Data records START
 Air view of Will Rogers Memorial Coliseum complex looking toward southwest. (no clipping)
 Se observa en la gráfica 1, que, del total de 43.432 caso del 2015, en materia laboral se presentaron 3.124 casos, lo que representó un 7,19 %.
Data records END
Data records START
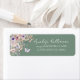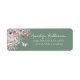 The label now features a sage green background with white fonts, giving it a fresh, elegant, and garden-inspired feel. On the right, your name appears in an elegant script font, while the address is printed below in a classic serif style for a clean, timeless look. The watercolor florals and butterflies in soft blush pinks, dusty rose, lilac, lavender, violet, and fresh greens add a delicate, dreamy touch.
Data records END
Find "Air view of" in the entries above and copy that whole line exactly, then each line after it through the line that contains "Se observa en".

 Air view of Will Rogers Memorial Coliseum complex looking toward southwest. (no clipping)
 Se observa en la gráfica 1, que, del total de 43.432 caso del 2015, en materia laboral se presentaron 3.124 casos, lo que representó un 7,19 %.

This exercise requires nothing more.